A question about standardizing regression predictors

Posted on August 20, 2009 8:59 PM by Andrew

Shane Murphy writes:

I have a question about normalizing variables (this is based on your recommendation of subtracting the mean and dividing by two standard deviations).

I have a panel which I am using to learn about multiple outcomes, but not every observation has information about every outcome. For instance, I might have some continuous testscore data for congresspeople, and binary scores for their votes, but not all congress people vote the same. If I want to regress model1<-vote1~testscore and model2<-vote2~testscore, and want to normalize testscore, should I normalize testscore to the mean and sd of the congresspeople who voted in vote1 for model1 and to the mean and sd of the congresspeople who voted in vote2 for model2, or should I normalize testscore based on all congresspeople? If I suspect selection bias for who votes in vote1 and vote2, I think that I should normalize against the subsets for each model. Is this correct? Can I ignore this fear? But if I want to compare coefficients between the two models, am I right that normalizing differently for the different models will affect the comparison? Will it affect a comparison of intercepts? Do you have a recommendation here?

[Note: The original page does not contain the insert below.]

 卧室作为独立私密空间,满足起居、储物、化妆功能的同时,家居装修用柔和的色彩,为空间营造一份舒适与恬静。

My reply: Yes, I think it would make sense to normalize the same way for both models. If you have different normalizations for different models, you’re asking for trouble. But maybe you should be fitting a latent-parameter (“ideal-point”) model in any case.

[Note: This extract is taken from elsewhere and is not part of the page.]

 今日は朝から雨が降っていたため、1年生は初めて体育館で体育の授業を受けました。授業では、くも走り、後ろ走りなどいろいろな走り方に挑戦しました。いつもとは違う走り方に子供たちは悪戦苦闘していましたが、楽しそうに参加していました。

2 thoughts on “A question about standardizing regression predictors”

Daniel Lakeland on August 20, 2009 5:31 PM at 5:31 pm said:

I don't think it makes sense to standardize on a different subset for the different models. You won't be able to interpret the differences between the two models without reference to the different standardizations.

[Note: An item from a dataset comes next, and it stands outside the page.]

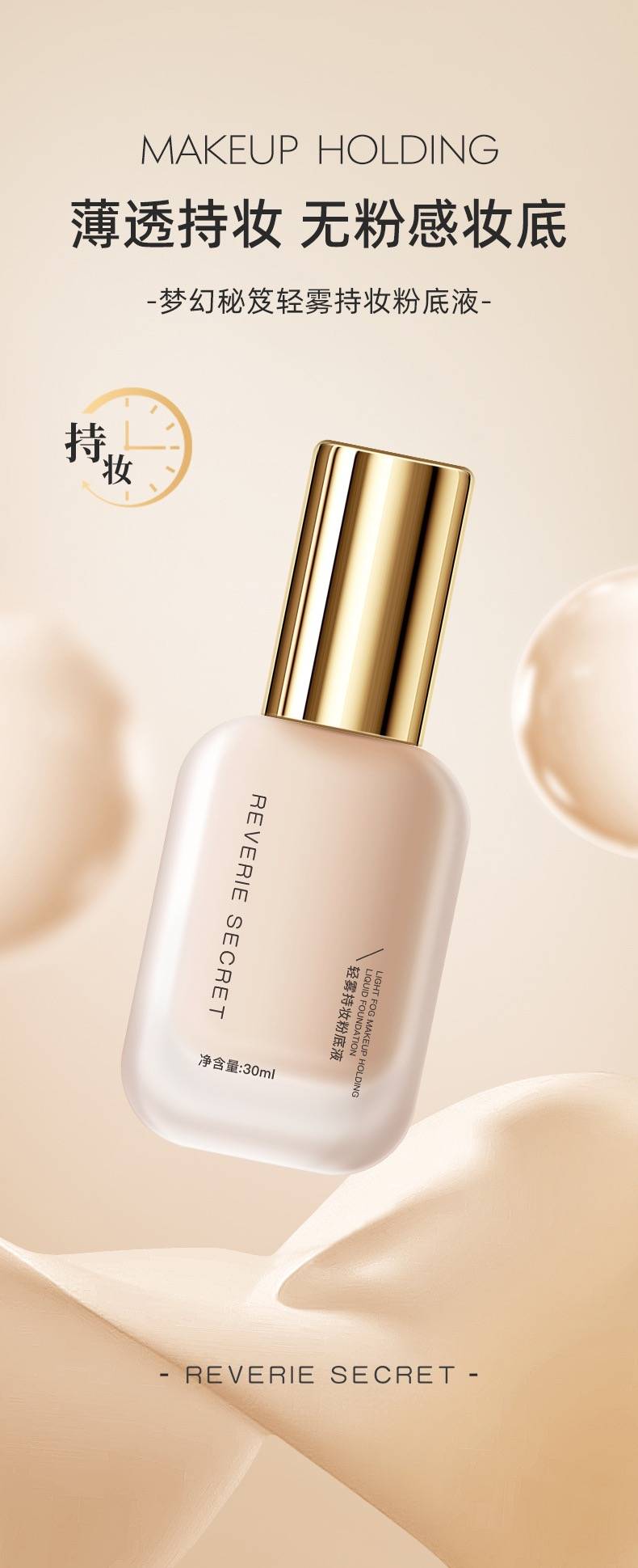 梦幻秘笈轻薄持妆粉底液保湿补水不卡粉BB霜持久遮瑕不脱妆

The point of standardization is to make things MORE interpretable.

Here, I think a standardization method that makes sense is subtract the mean of democrats and divide by the difference in means between republicans and democrats. Now the unit change from 0 to 1 is the difference in average between the two parties and is therefore interpretable, also test values more to the "right" are more republican…

This plays into my general theme in my responses to standardization related topics here: think of a "natural" unit that makes sense for the problem and standardize by that. The natural unit here is the difference in average between the two major parties.
shane on August 21, 2009 6:50 AM at 6:50 am said:

Thanks a lot for the advice. I had to look up ideal point models, and you were one of the top results, so for completeness, I thought I'd add a link to your previous discussion of these models.

Comments are closed.